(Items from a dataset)
Content starts

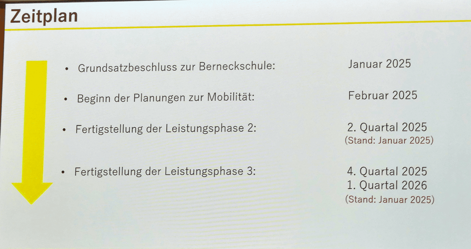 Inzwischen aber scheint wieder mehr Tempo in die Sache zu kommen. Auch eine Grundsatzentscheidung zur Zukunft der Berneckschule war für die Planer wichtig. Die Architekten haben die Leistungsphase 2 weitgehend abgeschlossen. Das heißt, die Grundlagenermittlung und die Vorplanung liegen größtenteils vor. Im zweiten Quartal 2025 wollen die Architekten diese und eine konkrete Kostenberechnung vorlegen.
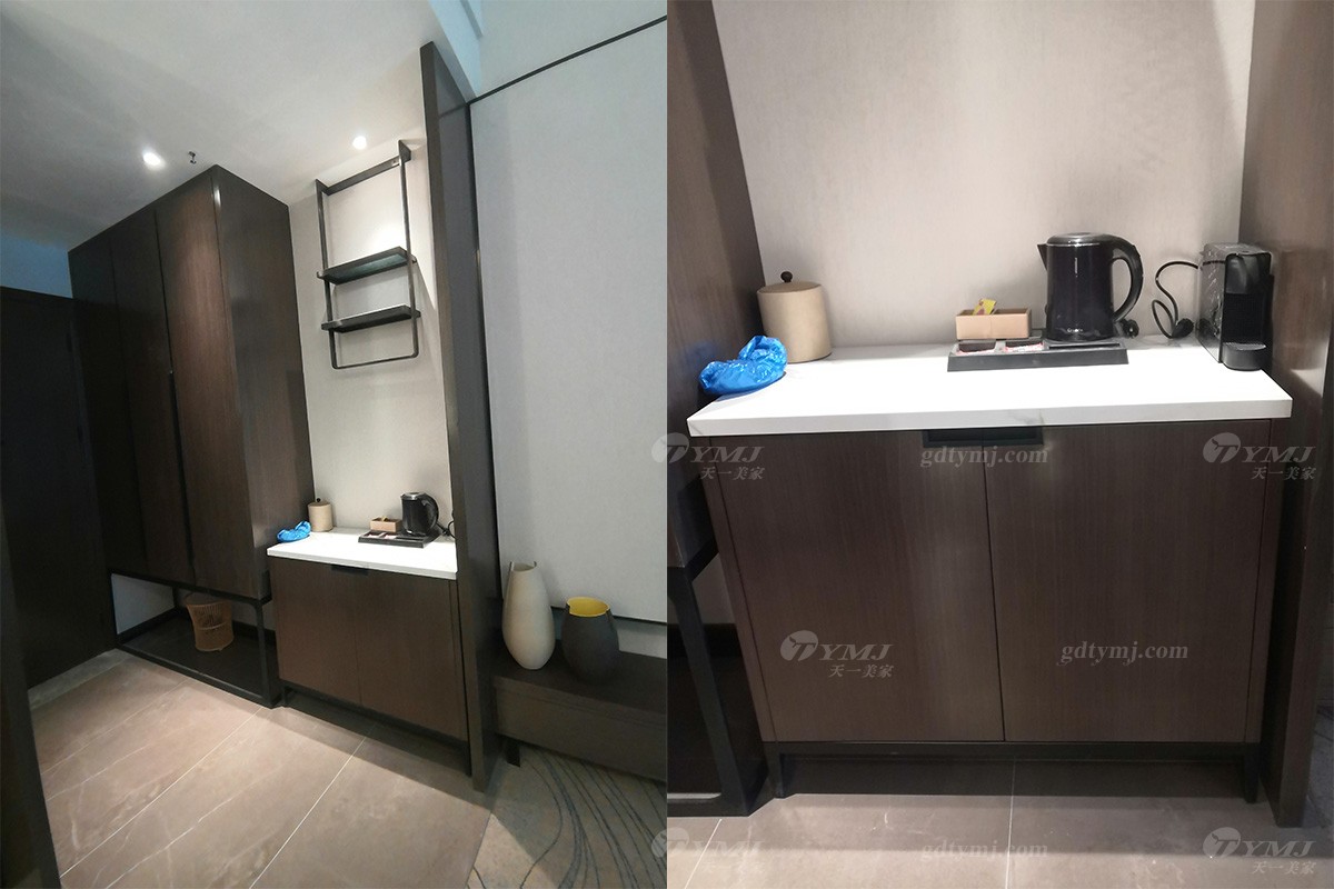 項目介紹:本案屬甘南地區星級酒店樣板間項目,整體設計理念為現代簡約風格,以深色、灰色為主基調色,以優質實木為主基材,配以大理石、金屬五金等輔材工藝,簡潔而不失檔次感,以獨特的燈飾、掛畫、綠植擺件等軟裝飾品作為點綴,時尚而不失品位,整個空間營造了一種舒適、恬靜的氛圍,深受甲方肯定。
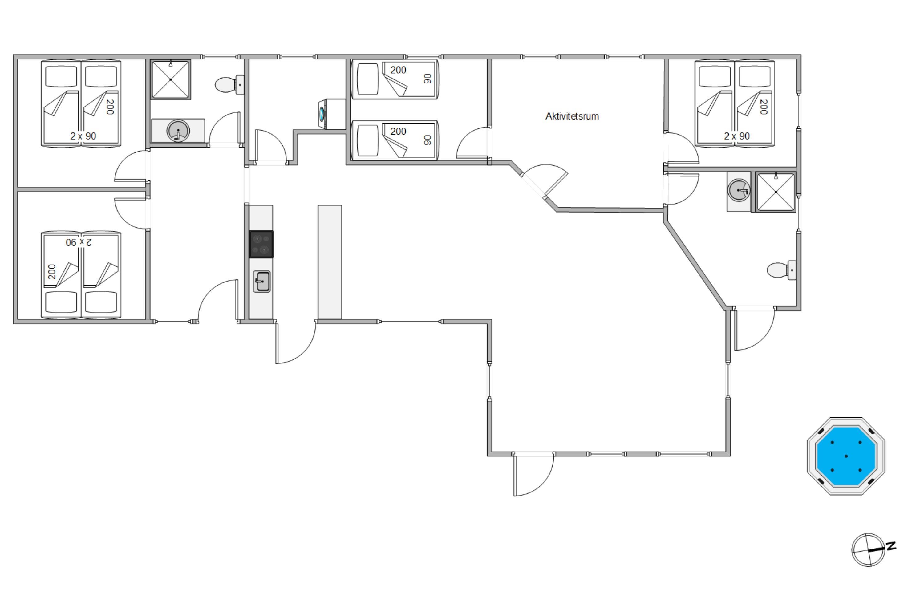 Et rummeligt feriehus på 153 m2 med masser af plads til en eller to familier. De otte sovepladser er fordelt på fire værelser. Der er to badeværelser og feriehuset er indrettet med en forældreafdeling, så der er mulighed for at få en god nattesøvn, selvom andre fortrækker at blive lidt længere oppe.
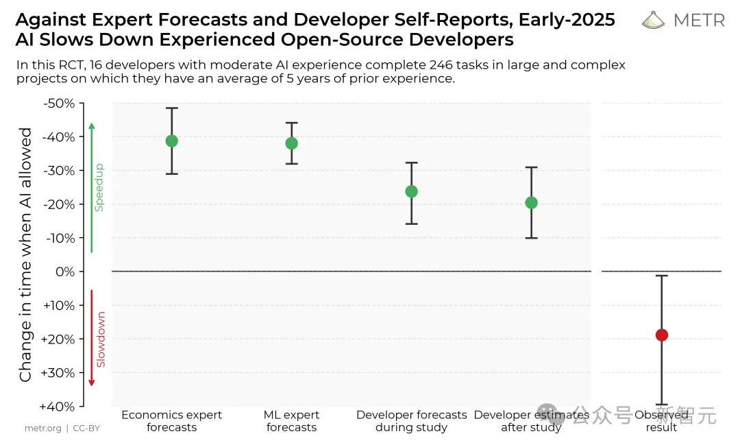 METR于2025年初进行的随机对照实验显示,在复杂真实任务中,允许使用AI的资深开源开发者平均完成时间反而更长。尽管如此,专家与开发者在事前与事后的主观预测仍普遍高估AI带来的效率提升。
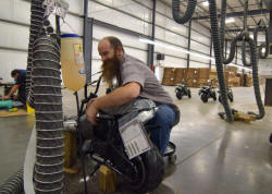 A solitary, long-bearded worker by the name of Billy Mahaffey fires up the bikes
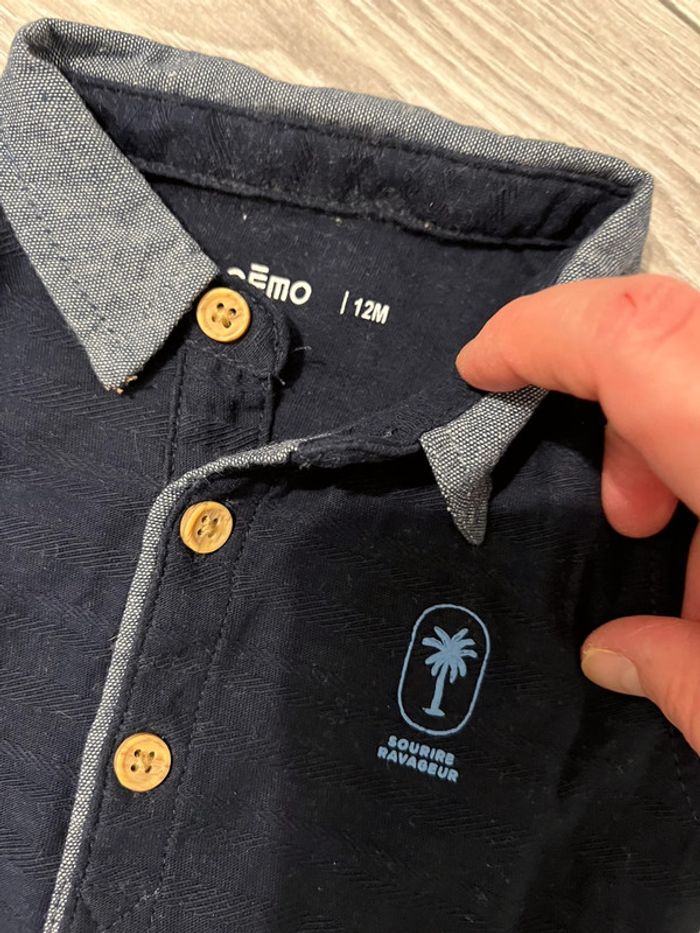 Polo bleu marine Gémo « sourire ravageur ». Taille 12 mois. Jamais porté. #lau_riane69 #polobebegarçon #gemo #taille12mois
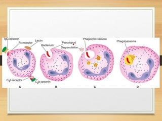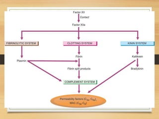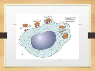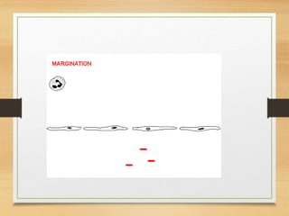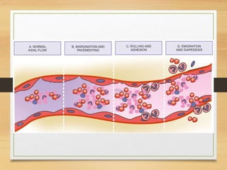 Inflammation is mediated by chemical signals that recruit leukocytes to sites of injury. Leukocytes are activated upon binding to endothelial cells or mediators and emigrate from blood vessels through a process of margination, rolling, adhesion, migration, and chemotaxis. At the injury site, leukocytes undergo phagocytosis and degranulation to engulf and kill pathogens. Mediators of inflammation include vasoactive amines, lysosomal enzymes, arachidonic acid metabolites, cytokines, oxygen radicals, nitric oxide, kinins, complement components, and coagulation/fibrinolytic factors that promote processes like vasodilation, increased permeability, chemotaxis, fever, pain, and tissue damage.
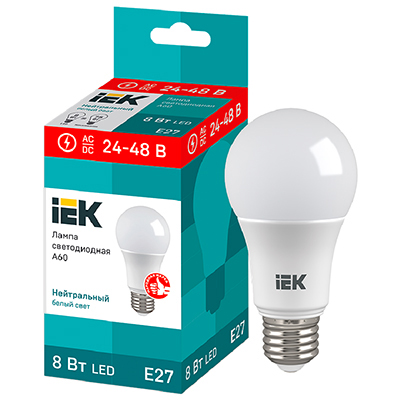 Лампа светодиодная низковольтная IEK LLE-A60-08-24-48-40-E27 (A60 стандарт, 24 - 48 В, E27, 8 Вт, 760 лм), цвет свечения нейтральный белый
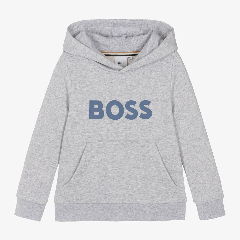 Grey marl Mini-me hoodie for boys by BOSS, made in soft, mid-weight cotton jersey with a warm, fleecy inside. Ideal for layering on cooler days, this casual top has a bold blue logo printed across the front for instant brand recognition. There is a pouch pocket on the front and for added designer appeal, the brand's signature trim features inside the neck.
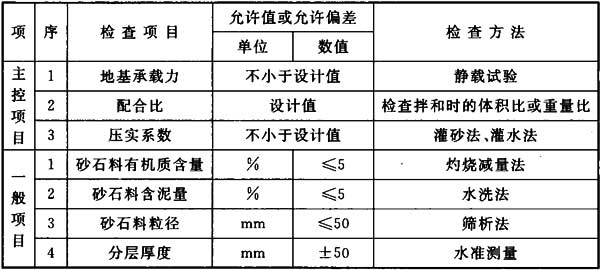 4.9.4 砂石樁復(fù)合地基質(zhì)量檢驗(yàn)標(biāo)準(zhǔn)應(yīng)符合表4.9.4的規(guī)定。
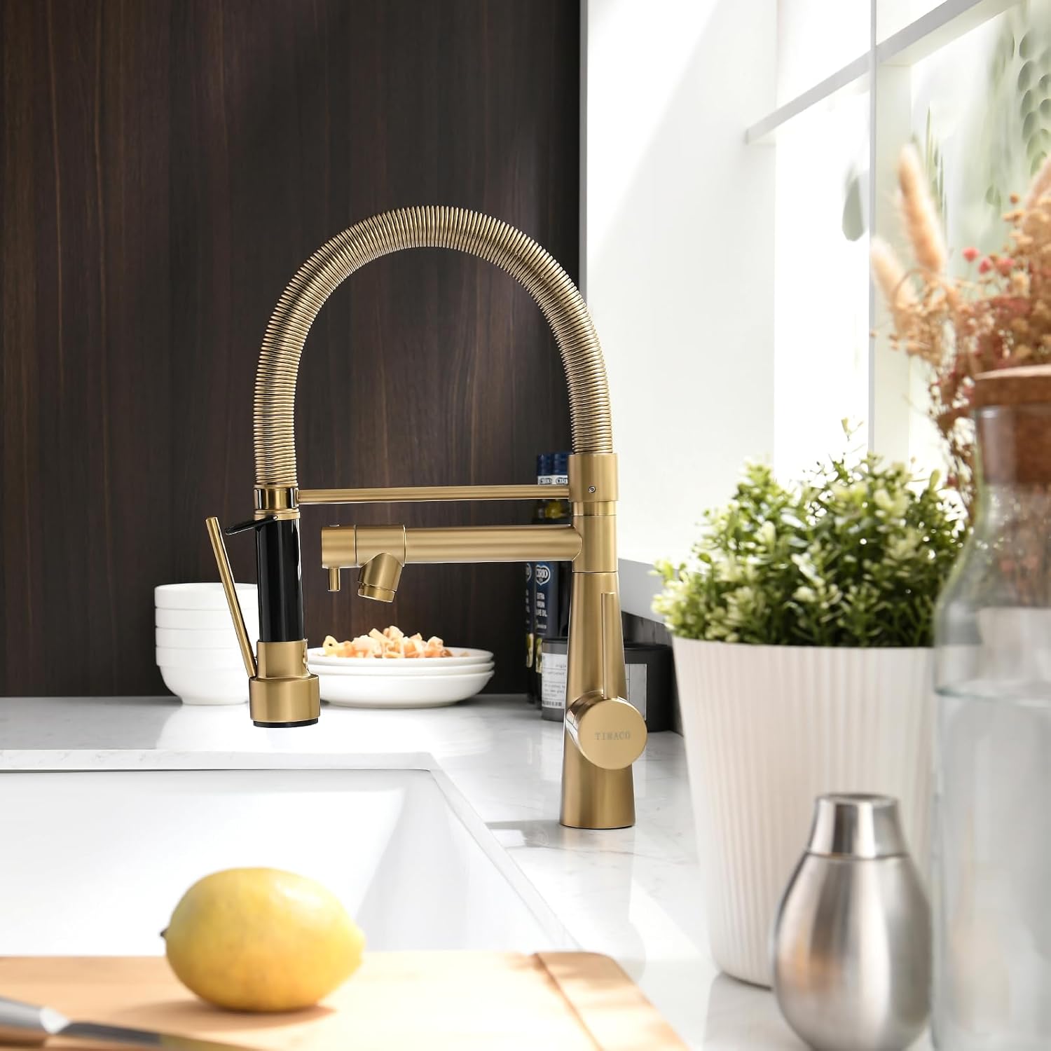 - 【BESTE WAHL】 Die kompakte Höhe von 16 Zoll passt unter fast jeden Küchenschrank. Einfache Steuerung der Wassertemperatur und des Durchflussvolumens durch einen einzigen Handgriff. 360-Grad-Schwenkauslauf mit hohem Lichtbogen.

Content ends

Exactly the lines from the one holding "Лампа светодиодная низковольтная" through the last line of the entries, both included, are to be duplicated; leave the pictures out.

 Лампа светодиодная низковольтная IEK LLE-A60-08-24-48-40-E27 (A60 стандарт, 24 - 48 В, E27, 8 Вт, 760 лм), цвет свечения нейтральный белый
 Grey marl Mini-me hoodie for boys by BOSS, made in soft, mid-weight cotton jersey with a warm, fleecy inside. Ideal for layering on cooler days, this casual top has a bold blue logo printed across the front for instant brand recognition. There is a pouch pocket on the front and for added designer appeal, the brand's signature trim features inside the neck.
 4.9.4 砂石樁復(fù)合地基質(zhì)量檢驗(yàn)標(biāo)準(zhǔn)應(yīng)符合表4.9.4的規(guī)定。
 - 【BESTE WAHL】 Die kompakte Höhe von 16 Zoll passt unter fast jeden Küchenschrank. Einfache Steuerung der Wassertemperatur und des Durchflussvolumens durch einen einzigen Handgriff. 360-Grad-Schwenkauslauf mit hohem Lichtbogen.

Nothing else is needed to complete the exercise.